Does anyone have any idea where to go from here? @Pilchie @mavasani @agocke @jaredpar @rainersigwald
The Web Sdk pulls in a bunch of other analyzers for MVC and stuff, so it's possible that they have similar problems. @mkArtakMSFT ?
@roji Is that all end-to-end build time? Where is the time going? The task time summary in MSBuild is probably a nice place to start.
@Pilchie that sounds like a promising direction.
@rainersigwald yeah, sorry, this is end-to-end time (am not a big build perf expert). Here's the msbuild detailed summary from an even slower machine, although it doesn't seem very helpful:
Detailed Build Summary
======================
============================== Build Hierarchy (IDs represent configurations) =======================================
==============
Id : Exclusive Time Total Time Path (Targets)
---------------------------------------------------------------------------------------------------------------------
--------------
0 : 25.129s 25.129s C:\projects\AnalyzerBuildPerf\web-api.csproj ()
============================== Node Utilization (IDs represent configurations) ======================================
==============
Timestamp: 1 Duration Cumulative
---------------------------------------------------------------------------------------------------------------------
--------------
637087586518145680: 0 25.129s 25.129s +++++ (scale 1:100)

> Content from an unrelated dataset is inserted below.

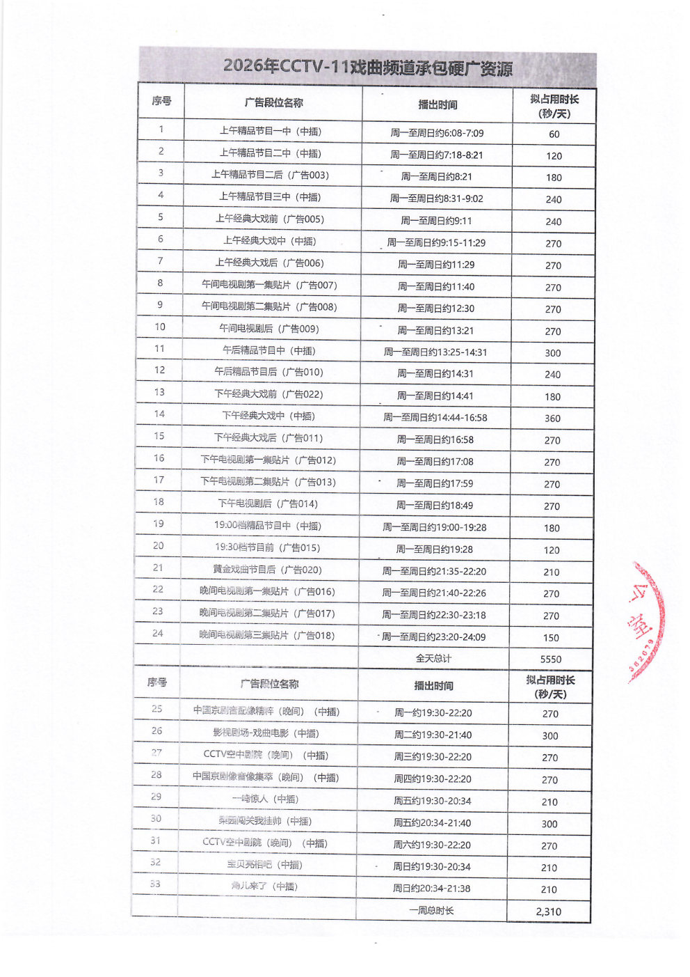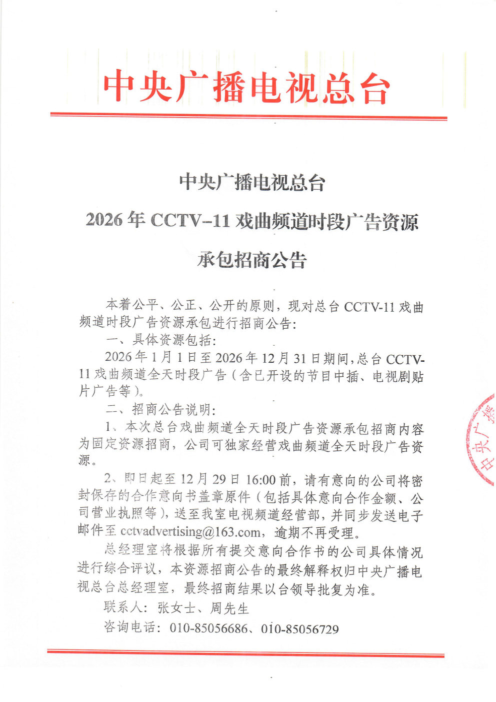 中央广播电视总台2026年CCTV-11戏曲频道时段广告资源承包招商公告

---------------------------------------------------------------------------------------------------------------------
--------------
Utilization: 100.0 Average Utilization: 100.0
@roji I think the more interesting sections will be Project Evaluation Performance Summary, Project Performance Summary, Target Performance Summary, and Task Performance Summary.
Specifically:
Csc task is taking the bulk of the time, it's likely code complexity or analzyers.I suspect the former but it's cheap to confirm.

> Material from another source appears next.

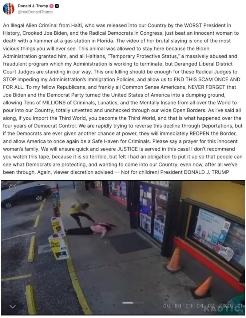 ABD'de yaşanan bir şiddet olayını hatırlatan Trump, "Tarihteki en kötü başkan olan sahtekar Joe Biden ve ABD Kongresi'ndeki radikal Demokratlar tarafından ülkemize salıverilen Haitili yasa dışı göçmen bir suçlu, Florida'daki bir benzin istasyonunda masum bir kadını çekiçle döverek öldürdü. Onun vahşice katledilişinin videosu, görebileceğiniz en gaddarca şeylerden biri." ifadelerini kullandı.

@rainersigwald I can dig into this more tomorrow if nobody else does before that (am in Berlin)
I investigated this further and all seems clear. Using Microsoft.NET.Sdk.Web brings in three additional analyzer packages: Microsoft.AspNetCore.Analyzers, Microsoft.AspNetCore.Mvc.Analyzers AND Microsoft.AspNetCore.Components.Analyzers. Lots of the contained analyzers do perform generated code analysis, explaining the situation. Did an analyzer-by-analyzer analysis (ha), and opened https://github.com/aspnet/AspNetCore/issues/16922 to discuss possibly opting out for some/all of the analyzers.
@Sally-Xu thanks for your patience and for providing the repro project!